Re:青春
Truth.3


 遅番と言っても客の入り次第なので、他業種より拘束時間が長い。早番でもバックヤードの進行状況によっては通しになり、一時間ばかりゆっくり起床出来る遅番はましかもしれないと諦めに近い悟りで溜め息を落とす。相棒のバイクに施錠すれば掌に零れてきた束の中に返しそびれた部室の鍵が混じっていた。
 後輩達の練習を見るのならと条件付きで有無を言わさず合鍵を持たされたあの日を思い出す。あれに何の意味があったのか、今も真意を計り知れないでいる。
 元より寡黙に習熟を重ねる仁王は余り他人を育てる機会がなかった。学生時代のテニスにしても今の技術を要する職場でも、見るに見かねた上でのアドバイスの一つや二つした記憶はある。しかし自分から積極的に指導を買って出る事はなかった。性格なのだろうか、自身が他人の言葉に素直に耳を貸せないせいか、店長の頃も冷たいと裏で言われたのは覚えている。

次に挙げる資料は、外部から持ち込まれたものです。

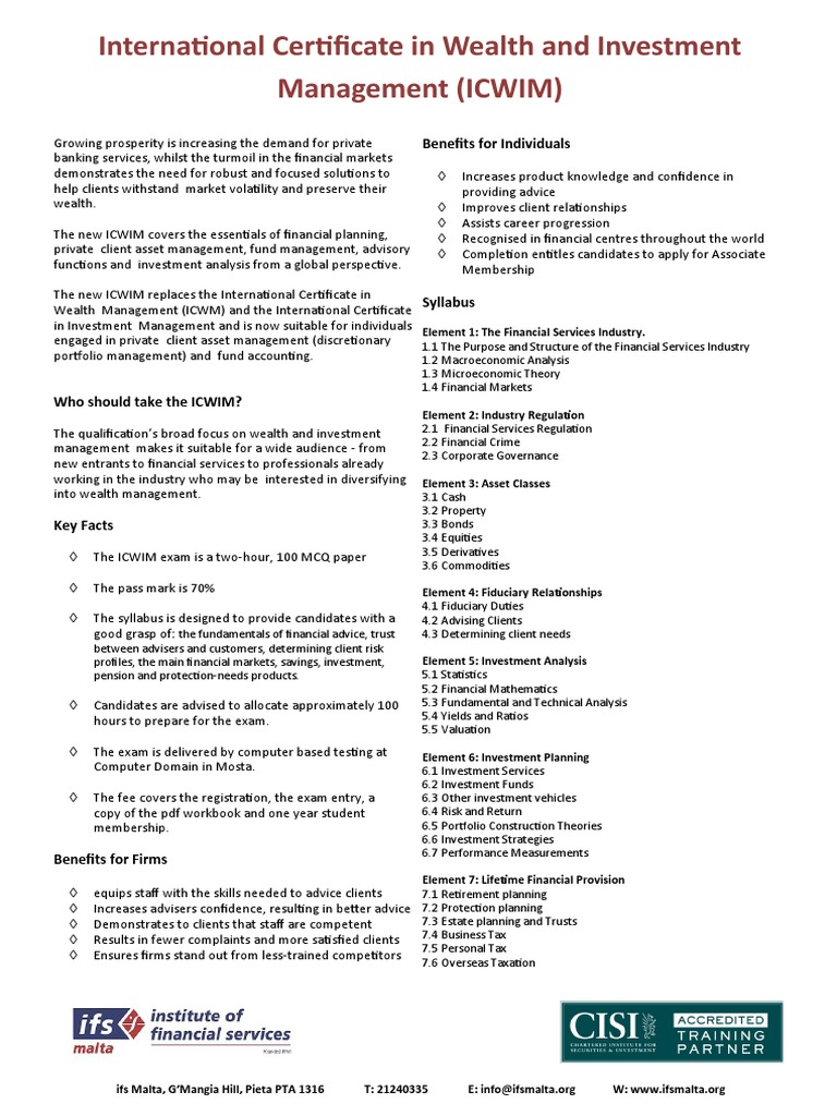 The new ICWIM covers the essentials of financial planning, Recognised in financial centres throughout the world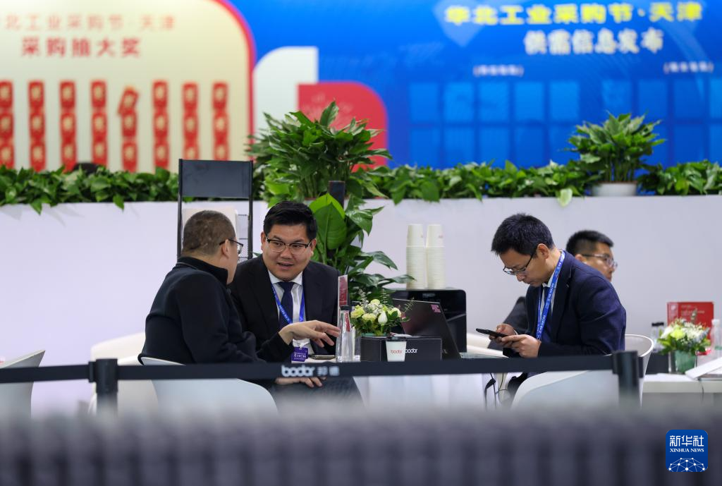 3月18日,客户在天津工博会上洽谈。新华社记者 孙凡越 摄pagebreak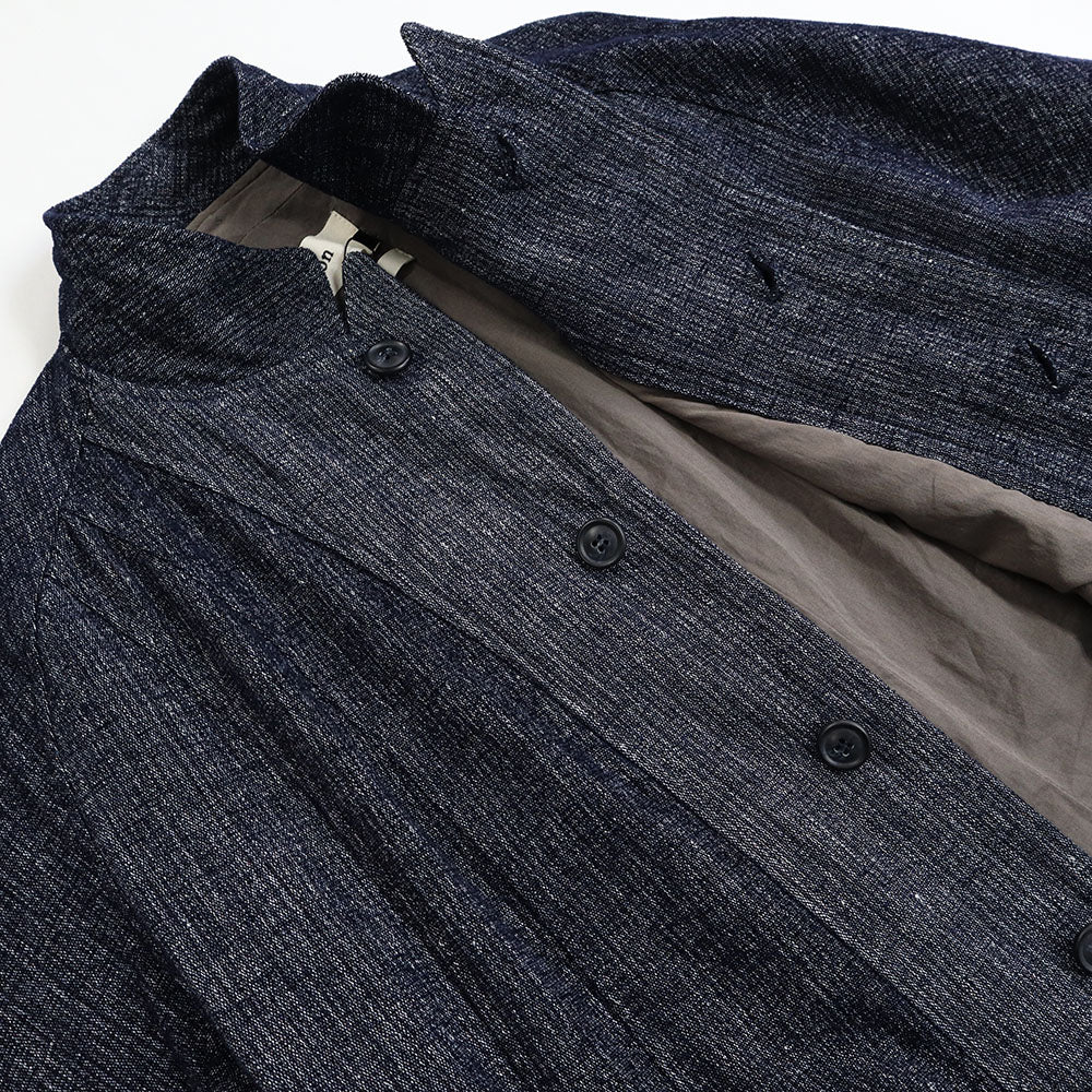 這款Kurume Kasuri Chester 外套採用腰形輪廓和弧形垂直過渡,打造簡潔外觀。它採用堅固的設計,內襯可防止風穿過並保持溫暖。

 役を降りても店が変わってもマメに足を運んでくれる常連客は嘗ての戦友ばかり。中には一つ二つ下の後輩もいるが、この歳になると学歴や手取りで過去の立場とは逆転したのではと思う程彼らも成長や落ち着きを見せる。
 移動初日の顔見せで挨拶した際は初出勤で名を告げた時より緊張した。それなのに人間と言うのは落ちる所まで落ちれば自然と自尊心は低くなるらしい。すっかり他人の城に馴染んだ仁王自身を誉めたくて仕方なくなっていた。今夜は自尊心を捨て去り都合の良い駒に成り下がった自身を祝杯だと花束に見立てたヘルメットを肩に担いで短い廊下を行く。
 通用口から五歩で入室出来る事務所から一歩半前で遮られたのは、満面な笑顔の店長が出てきたからだ。さて、何か御注進があったのかと折角担いだヘルメットを下ろした。
「ややや、仁王チャン。今日もイケメンじゃ〜ん?」
 芸人口調な妙に御機嫌な店長は仁王が再研修で来たと知った時と同じ。
 社会人の基本中の基本である挨拶も忘れて、これは自主退職決定かと優越感も嘲笑も隠せない店長を眺めていた。
 仁王より三年先の入社だが、仁王より一年後に店長になったのが余程気に食わなかったらしい。会社は本店から実力主義だ、その前にスタッフも客もお気に入りばかり贔屓するから出世が遅れたと気付かないのか。
「もう朝イチからお客サマからお待ちかねだよ?今日仁王チャンが遅番とかシフト組んだの誰よ〜?誰よ〜?」
 両手をピストルの形にして首を傾げる姿は芸人その物、シフトを組むのは店長の仕事だ。チーフに丸投げしているのは暗黙の了解だが。
「ウチの店は仁王チャンで持ってるようなモンだからさ?頑張ってよね。」
 然もスタッフ思いな店長を気取って革ジャケットの襟を直されても直ぐにロッカーに預けると知っていてか、残念だがそこまで深読みする必要のない素直な上司だ。裏を勘繰り過ぎる自身に囚われる悪癖も第二の天性かと投げやりにフロアに出る身支度をする。
 今日は指名が入ってなかった筈とベルトを巻き、シザーケースの中身を確認してからセットする。美容師の命とも言えるハサミに何かするのは技術者として有り得ない話だが、実力で敵わないなら他人を蹴落とす為にラケットを切り裂いた輩ならいた。そこは世の中を知らない学生と生活が懸かっている社会人の差か、だが他系列は命と言える商売道具を壊したと聞くから、いつになっても嫉妬は恐ろしい生き物だと背筋が震えた。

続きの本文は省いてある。